Breaking in Your Shoes

Sometimes we have to do what we just don’t want to do: Get out of bed; go to work; cook dinner; drive across town (in rush hour traffic); spend time with the kids after working hard all day; or being friends with someone you’d rather not be bothered with. We sometimes have to do what we don’t want to do because we have been given a divine mandate to stick and stay. We have to keep fighting and we don’t have the option of giving up or walking away. Our lot is clear and no amount of murmuring and complaining will change the fact that sometimes we have to do what we just don’t want to do. Murmuring and complaining about our duties, especially when they’re divinely given, speak loudly to the distrust we have in God to help us endure or even enjoy what we have been given to do. I know I have a hard time fathoming enjoyment when I really feel tortured, but too many times God has shown me the good that comes from enduring a tough situation for me not to try to have a pleasant attitude about something I simply hate.

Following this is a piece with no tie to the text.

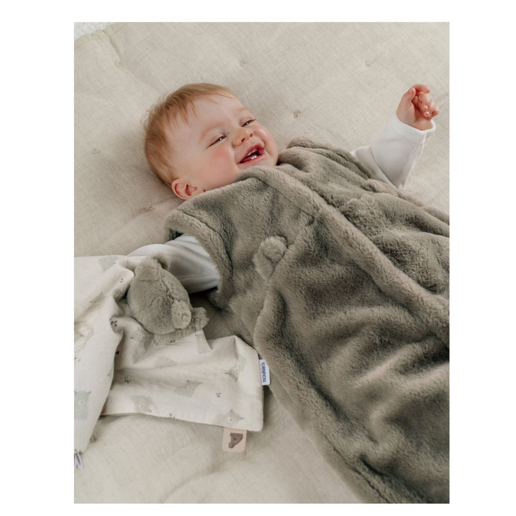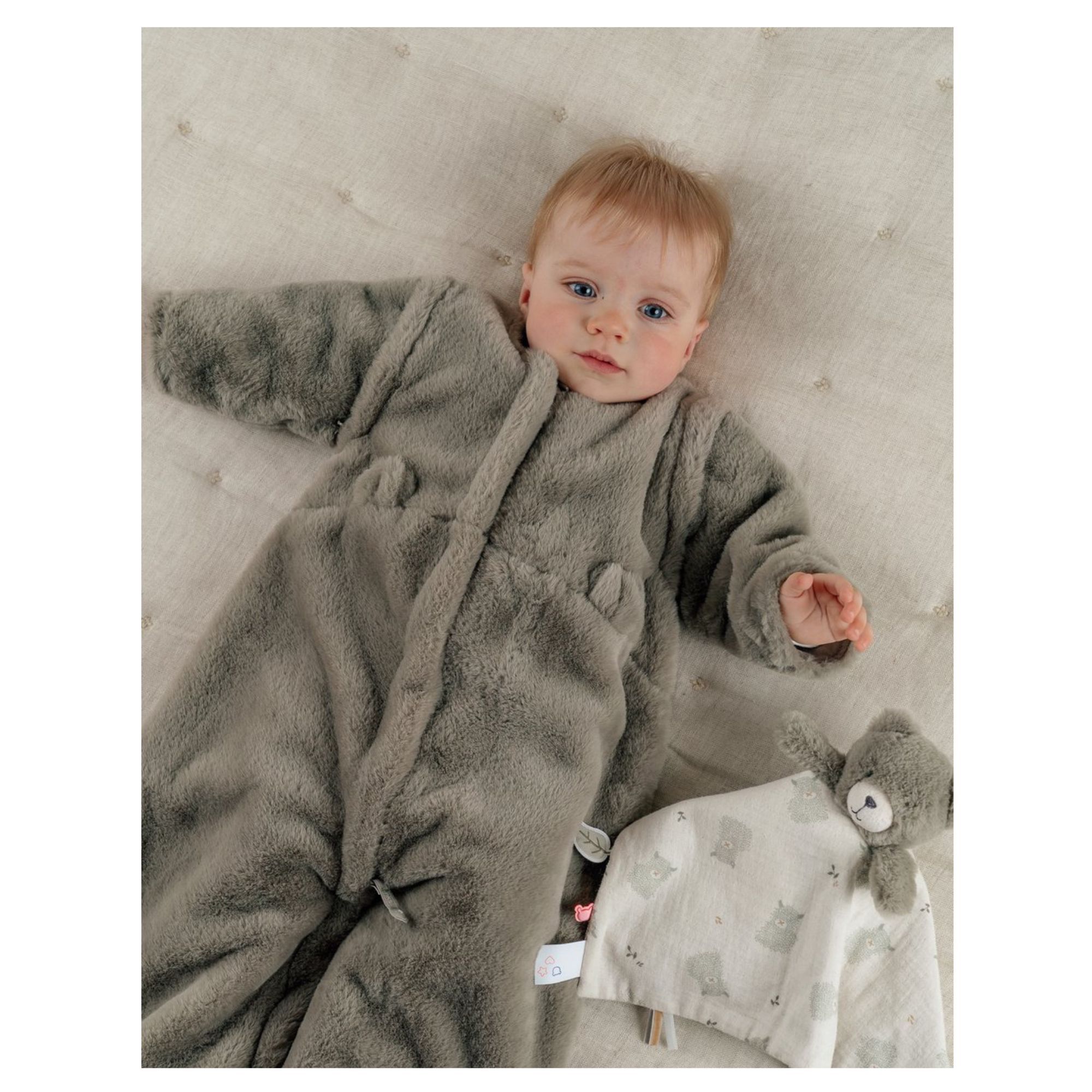 Offrez à votre bébé des nuits douces et confortables avec la gigoteuse en fausse fourrure kaki Mix & Match de la marque Noukie's, un véritable cocon de chaleur et de tendresse. Conçue pour accompagner bébé aussi bien à la maison qu’en déplacement, elle garantit un endormissement paisible et des siestes bien au chaud, en toute sécurité. Grâce à sa matière en fausse fourrure écrue ultra-douce, cette gigoteuse procure une sensation de confort enveloppante, idéale pour les saisons fraîches. Pratique et évolutive, elle s’adapte aux enfants de 65 à 95 cm, et intègre des détails ingénieux pour faciliter le quotidien : boutons pressions bien placés, ouverture à l’entrejambe, manches amovibles et indice TOG ajusté. Ses petites oreilles en relief ajoutent une note ludique et attendrissante, parfaite pour éveiller la curiosité de bébé tout en apportant une touche unique au style Mix & Match.
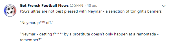 "Неймар, трахнутый проституткой, проваливай". Фанаты ПСЖ вывесили на трибунах оскорбительные банеры против своей звезды

Some years ago when I had to be friends with someone who was so opposite of me God told me that she was like ‘a pretty pair of new shoes, lovely on the outside but your feet hurt when you put them on.’ Even though this friendship on the surface was one that I thought was just lovely, as we began to go deeper in our relationship, I wanted to take off. Just like kicking off shoes that make your feet hurt, I wanted to end my friendship so I could get some relief from the suspicion and overall insecurity that plagued our relationship. But like breaking in a new pair of shoes, I had to continue “wearing” this friendship until it became comfortable. I couldn’t just expect the friendship to immediately be like my old comfy pair; I had to do some hard walking to break the relationship in. I had to have the hard talks, take the tough words, and work through the rough patches. This is our charge whatever the situation or relationship. When we have a divine mandate, we have to travel the tough terrain knowing that’s the only way change for the better will occur. We can’t be afraid to step on rocks or let our relationship shoes get wet. God will protect our ordered steps. He is the orchestrator of all things divine, and He knows what we need and what it takes to get us there. Sometimes we have to put on some hurting shoes to help us make the journey, and we and the “shoes” will be the better for the wearing.